Retype the records below from their first line through the line holding "Besides going on", including both ends and no pictures.

Excerpts from a dataset
------------------------------------------------------------
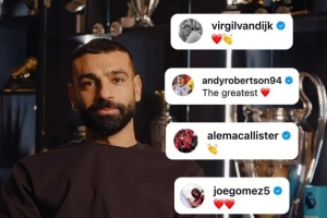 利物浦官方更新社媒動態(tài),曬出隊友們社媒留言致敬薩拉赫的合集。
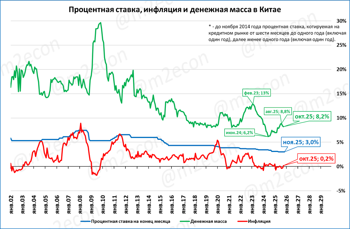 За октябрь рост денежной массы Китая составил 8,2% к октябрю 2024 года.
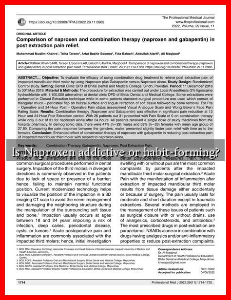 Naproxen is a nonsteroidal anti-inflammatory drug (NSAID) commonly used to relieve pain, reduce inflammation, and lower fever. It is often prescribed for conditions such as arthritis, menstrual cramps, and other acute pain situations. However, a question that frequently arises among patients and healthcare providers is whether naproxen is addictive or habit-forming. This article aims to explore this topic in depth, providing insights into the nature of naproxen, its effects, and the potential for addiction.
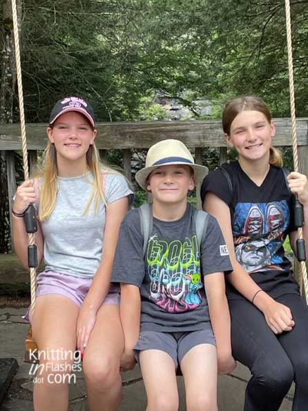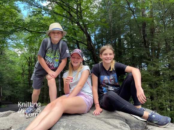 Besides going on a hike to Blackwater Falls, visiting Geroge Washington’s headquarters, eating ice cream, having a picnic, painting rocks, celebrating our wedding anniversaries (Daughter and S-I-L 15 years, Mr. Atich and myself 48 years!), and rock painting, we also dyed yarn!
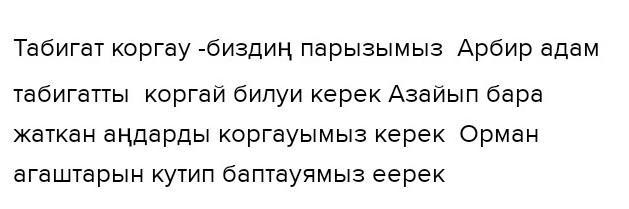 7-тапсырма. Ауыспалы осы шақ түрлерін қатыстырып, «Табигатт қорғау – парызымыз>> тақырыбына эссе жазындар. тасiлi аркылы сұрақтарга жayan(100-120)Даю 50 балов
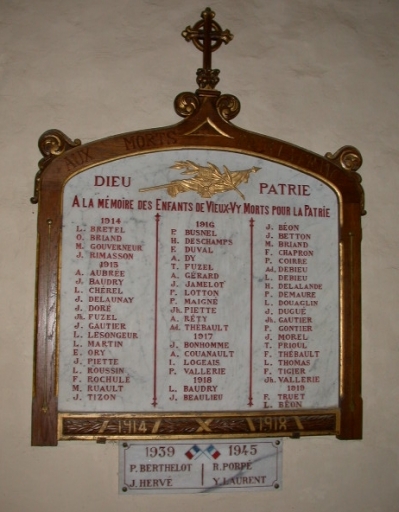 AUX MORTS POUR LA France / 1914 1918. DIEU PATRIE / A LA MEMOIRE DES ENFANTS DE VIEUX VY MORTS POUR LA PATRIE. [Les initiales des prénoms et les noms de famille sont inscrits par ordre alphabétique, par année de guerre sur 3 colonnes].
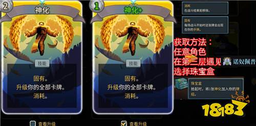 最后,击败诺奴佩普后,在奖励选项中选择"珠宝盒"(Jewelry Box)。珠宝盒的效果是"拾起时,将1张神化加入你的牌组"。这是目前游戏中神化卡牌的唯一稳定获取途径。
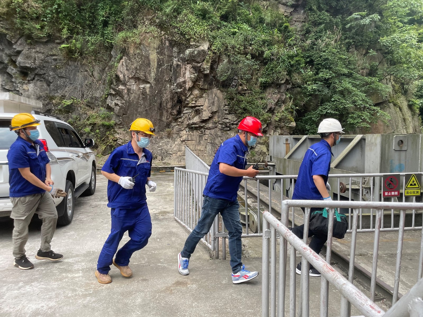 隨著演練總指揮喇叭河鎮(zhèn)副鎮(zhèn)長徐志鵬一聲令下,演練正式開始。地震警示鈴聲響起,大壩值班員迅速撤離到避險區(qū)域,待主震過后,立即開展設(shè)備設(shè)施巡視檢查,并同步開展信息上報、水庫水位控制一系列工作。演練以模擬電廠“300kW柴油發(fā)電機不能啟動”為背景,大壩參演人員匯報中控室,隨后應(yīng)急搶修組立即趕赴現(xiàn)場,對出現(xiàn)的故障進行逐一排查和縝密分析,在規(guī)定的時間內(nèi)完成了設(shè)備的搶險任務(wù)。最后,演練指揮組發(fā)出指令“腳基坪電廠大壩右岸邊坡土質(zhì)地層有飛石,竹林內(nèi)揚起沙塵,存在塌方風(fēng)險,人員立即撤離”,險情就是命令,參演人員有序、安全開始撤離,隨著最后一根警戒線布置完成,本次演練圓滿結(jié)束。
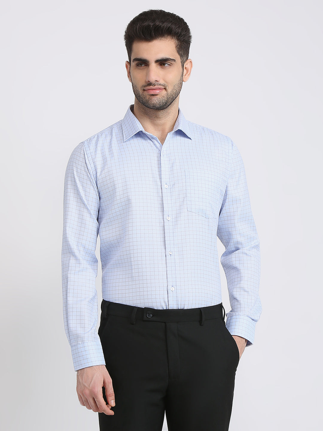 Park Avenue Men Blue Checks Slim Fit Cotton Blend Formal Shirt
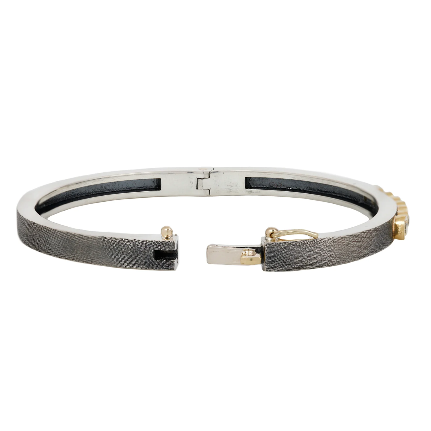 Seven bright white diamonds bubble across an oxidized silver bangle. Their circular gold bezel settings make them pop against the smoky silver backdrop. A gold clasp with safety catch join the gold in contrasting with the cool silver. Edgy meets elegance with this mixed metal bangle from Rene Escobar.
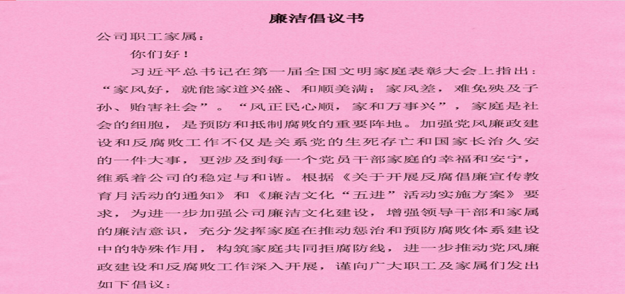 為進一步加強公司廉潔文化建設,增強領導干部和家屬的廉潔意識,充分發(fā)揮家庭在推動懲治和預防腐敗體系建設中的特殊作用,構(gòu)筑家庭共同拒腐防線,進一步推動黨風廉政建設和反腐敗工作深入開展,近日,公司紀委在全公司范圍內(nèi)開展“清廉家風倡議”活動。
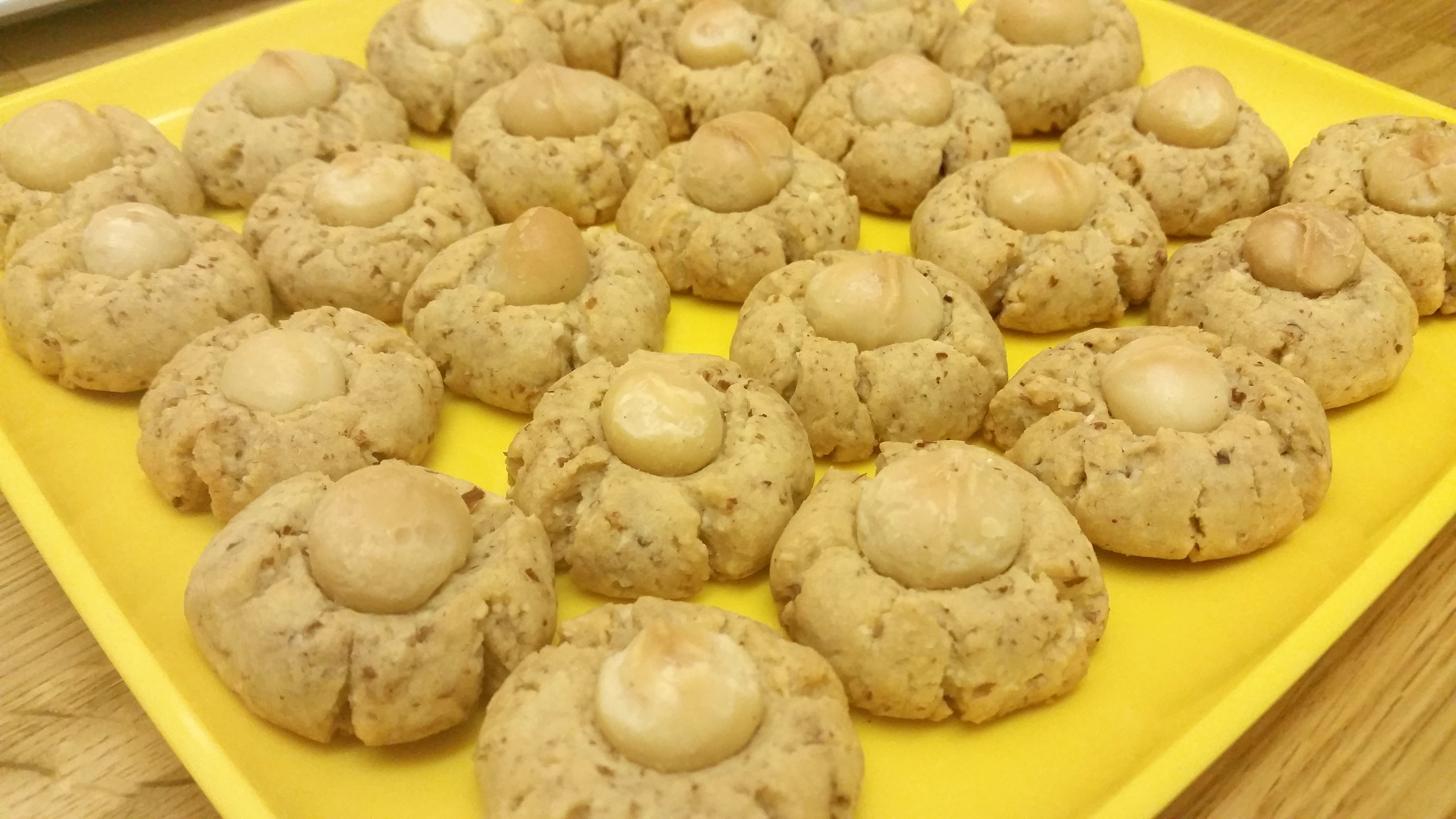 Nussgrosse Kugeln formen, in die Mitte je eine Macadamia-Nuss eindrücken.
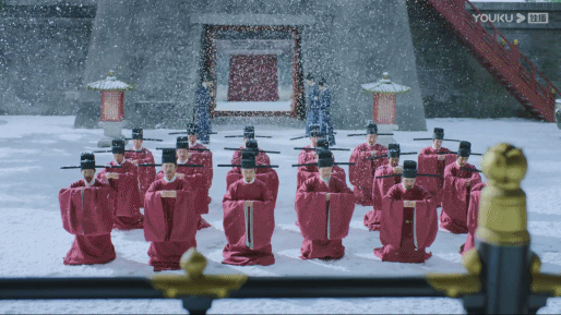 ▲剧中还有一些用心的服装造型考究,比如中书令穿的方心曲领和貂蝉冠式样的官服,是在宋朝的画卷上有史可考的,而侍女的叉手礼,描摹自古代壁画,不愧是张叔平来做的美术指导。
------------------------------------------------------------
● OUTPUT BELOW
 利物浦官方更新社媒動態(tài),曬出隊友們社媒留言致敬薩拉赫的合集。
 За октябрь рост денежной массы Китая составил 8,2% к октябрю 2024 года.
 Naproxen is a nonsteroidal anti-inflammatory drug (NSAID) commonly used to relieve pain, reduce inflammation, and lower fever. It is often prescribed for conditions such as arthritis, menstrual cramps, and other acute pain situations. However, a question that frequently arises among patients and healthcare providers is whether naproxen is addictive or habit-forming. This article aims to explore this topic in depth, providing insights into the nature of naproxen, its effects, and the potential for addiction.
 Besides going on a hike to Blackwater Falls, visiting Geroge Washington’s headquarters, eating ice cream, having a picnic, painting rocks, celebrating our wedding anniversaries (Daughter and S-I-L 15 years, Mr. Atich and myself 48 years!), and rock painting, we also dyed yarn!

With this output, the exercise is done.